++++ EXTRACTED INFORMATION ++++

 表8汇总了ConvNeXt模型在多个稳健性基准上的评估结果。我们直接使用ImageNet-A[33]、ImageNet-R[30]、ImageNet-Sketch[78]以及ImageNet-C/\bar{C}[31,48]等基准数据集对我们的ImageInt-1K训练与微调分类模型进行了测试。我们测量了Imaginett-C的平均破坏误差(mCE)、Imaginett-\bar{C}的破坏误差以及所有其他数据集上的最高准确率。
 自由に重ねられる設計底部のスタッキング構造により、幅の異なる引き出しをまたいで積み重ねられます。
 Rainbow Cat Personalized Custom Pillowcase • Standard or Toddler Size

++++
++++ EXTRACTED INFORMATION ++++

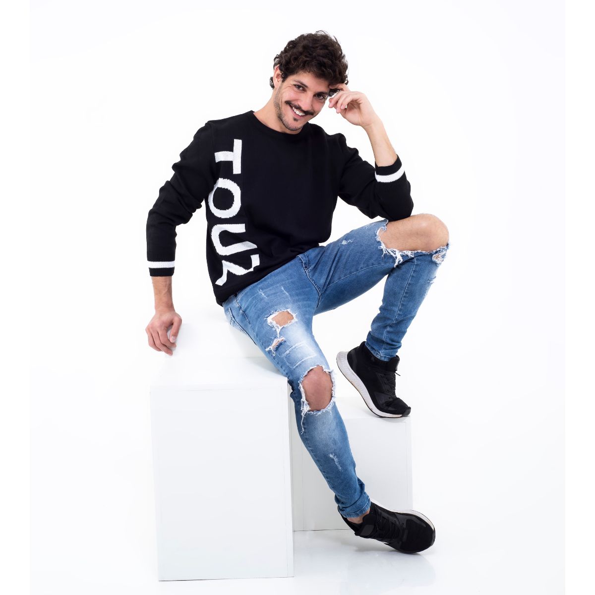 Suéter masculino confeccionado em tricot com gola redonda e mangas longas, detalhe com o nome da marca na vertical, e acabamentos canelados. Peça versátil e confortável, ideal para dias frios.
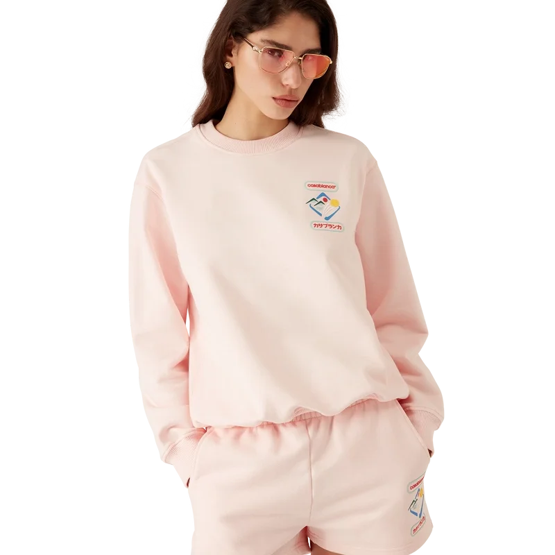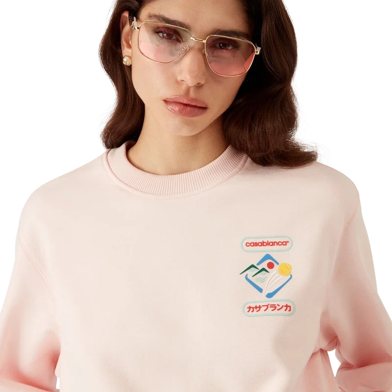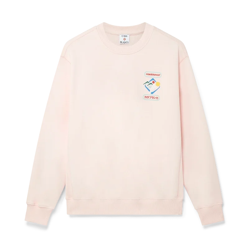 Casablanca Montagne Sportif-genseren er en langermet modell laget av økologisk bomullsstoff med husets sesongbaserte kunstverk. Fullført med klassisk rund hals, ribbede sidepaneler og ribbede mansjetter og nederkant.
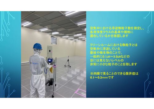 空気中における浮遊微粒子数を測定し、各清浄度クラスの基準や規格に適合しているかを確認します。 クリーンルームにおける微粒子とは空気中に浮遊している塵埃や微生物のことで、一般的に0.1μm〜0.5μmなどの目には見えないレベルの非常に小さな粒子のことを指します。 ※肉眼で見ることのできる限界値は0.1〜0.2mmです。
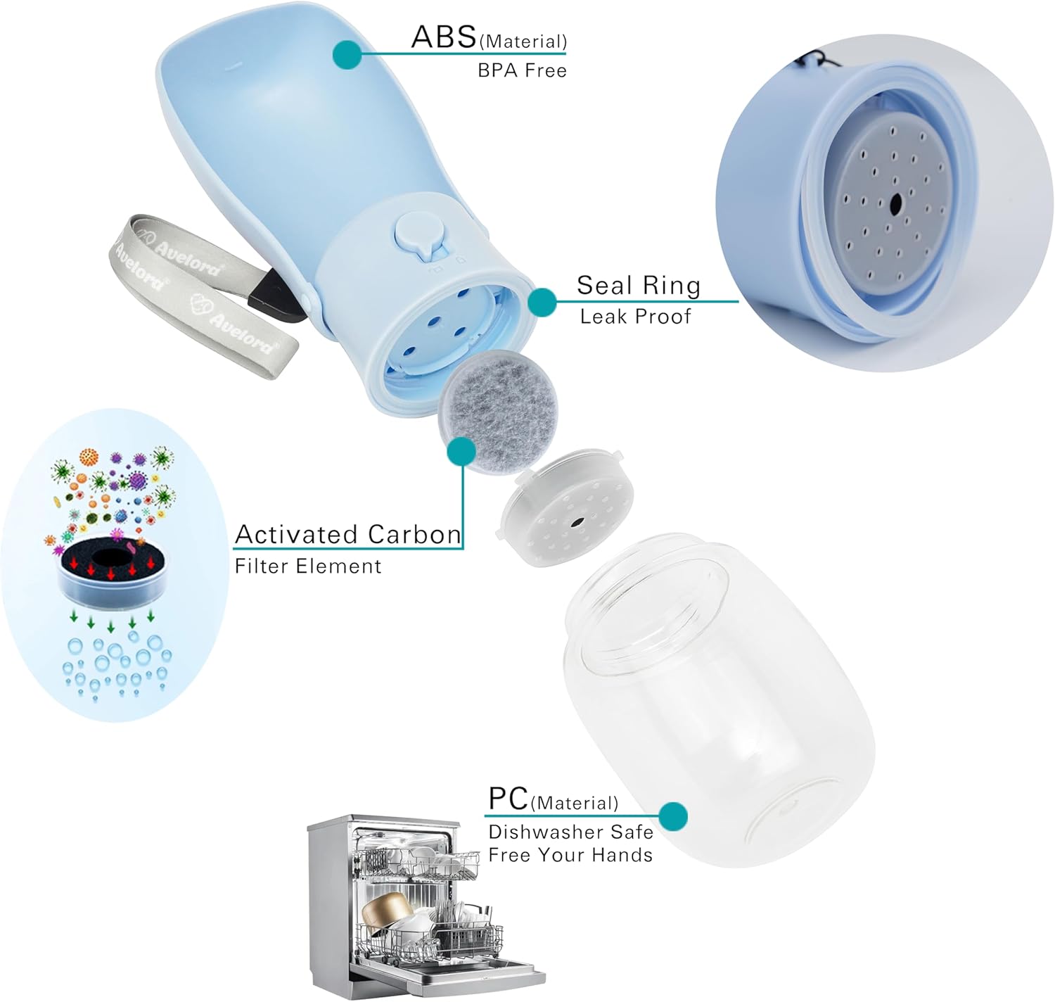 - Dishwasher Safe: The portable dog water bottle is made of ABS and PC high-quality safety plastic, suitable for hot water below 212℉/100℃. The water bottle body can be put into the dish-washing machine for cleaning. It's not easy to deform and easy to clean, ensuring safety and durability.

++++

* **EXERCISE GOAL**
Could you repeat exactly the lines above from the line with "自由に重ねられる設計底部のス" up to and including the line with "Rainbow Cat Personalized", and only those?

* **FINAL ANSWER**
 自由に重ねられる設計底部のスタッキング構造により、幅の異なる引き出しをまたいで積み重ねられます。
 Rainbow Cat Personalized Custom Pillowcase • Standard or Toddler Size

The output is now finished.